### TASK DETAILS
What you produce should be the lines from the line containing "2年生の研究授業を行いました" through the last line below, both ends included, reproduced exactly and without pictures.

··········

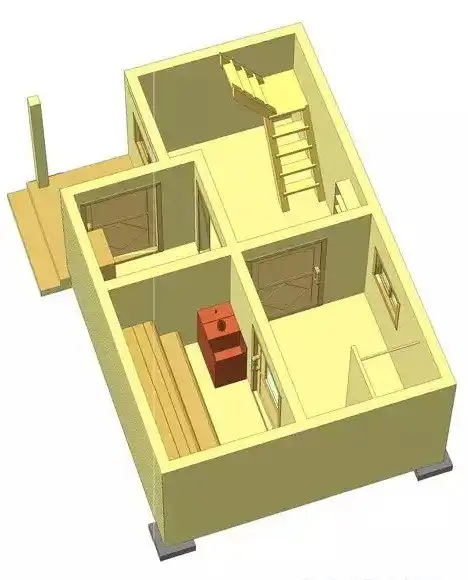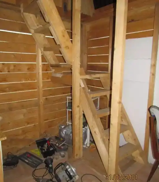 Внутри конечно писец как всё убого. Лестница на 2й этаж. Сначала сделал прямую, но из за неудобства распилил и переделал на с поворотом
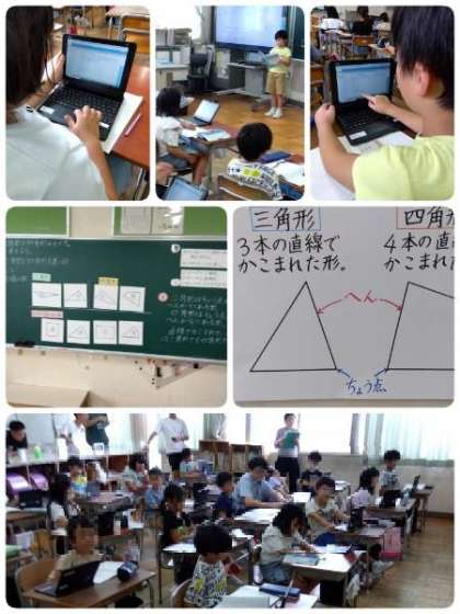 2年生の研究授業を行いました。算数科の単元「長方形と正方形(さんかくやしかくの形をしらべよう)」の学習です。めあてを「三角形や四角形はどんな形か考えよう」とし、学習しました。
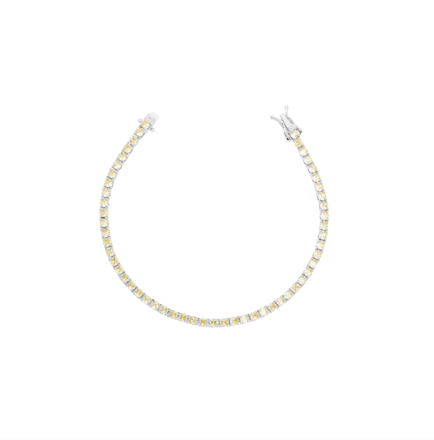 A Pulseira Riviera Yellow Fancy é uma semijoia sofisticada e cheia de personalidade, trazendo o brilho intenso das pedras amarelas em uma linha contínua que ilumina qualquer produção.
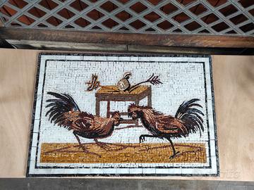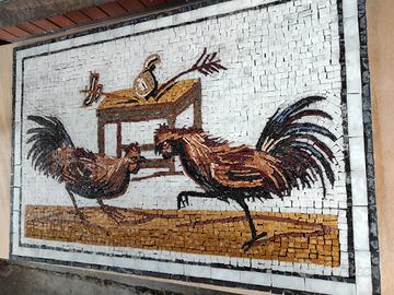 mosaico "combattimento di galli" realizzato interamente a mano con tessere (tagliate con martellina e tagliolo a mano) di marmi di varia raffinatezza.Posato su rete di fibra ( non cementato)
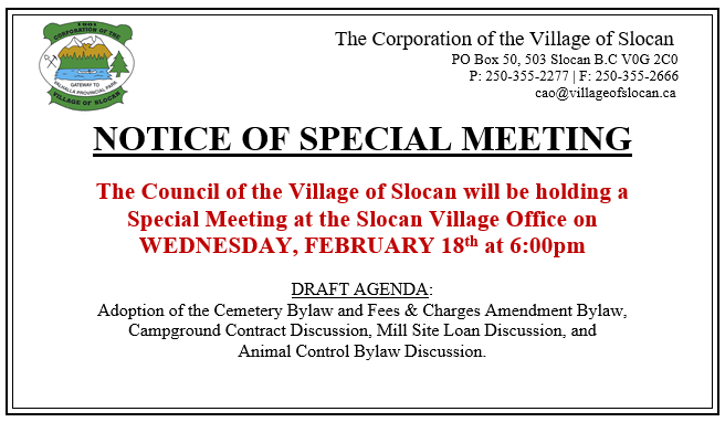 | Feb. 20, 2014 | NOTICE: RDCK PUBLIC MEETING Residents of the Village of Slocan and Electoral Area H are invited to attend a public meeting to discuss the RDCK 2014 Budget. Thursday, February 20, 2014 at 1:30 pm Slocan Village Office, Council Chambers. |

··········

### SOLUTION
 2年生の研究授業を行いました。算数科の単元「長方形と正方形(さんかくやしかくの形をしらべよう)」の学習です。めあてを「三角形や四角形はどんな形か考えよう」とし、学習しました。
 A Pulseira Riviera Yellow Fancy é uma semijoia sofisticada e cheia de personalidade, trazendo o brilho intenso das pedras amarelas em uma linha contínua que ilumina qualquer produção.
 mosaico "combattimento di galli" realizzato interamente a mano con tessere (tagliate con martellina e tagliolo a mano) di marmi di varia raffinatezza.Posato su rete di fibra ( non cementato)
 | Feb. 20, 2014 | NOTICE: RDCK PUBLIC MEETING Residents of the Village of Slocan and Electoral Area H are invited to attend a public meeting to discuss the RDCK 2014 Budget. Thursday, February 20, 2014 at 1:30 pm Slocan Village Office, Council Chambers. |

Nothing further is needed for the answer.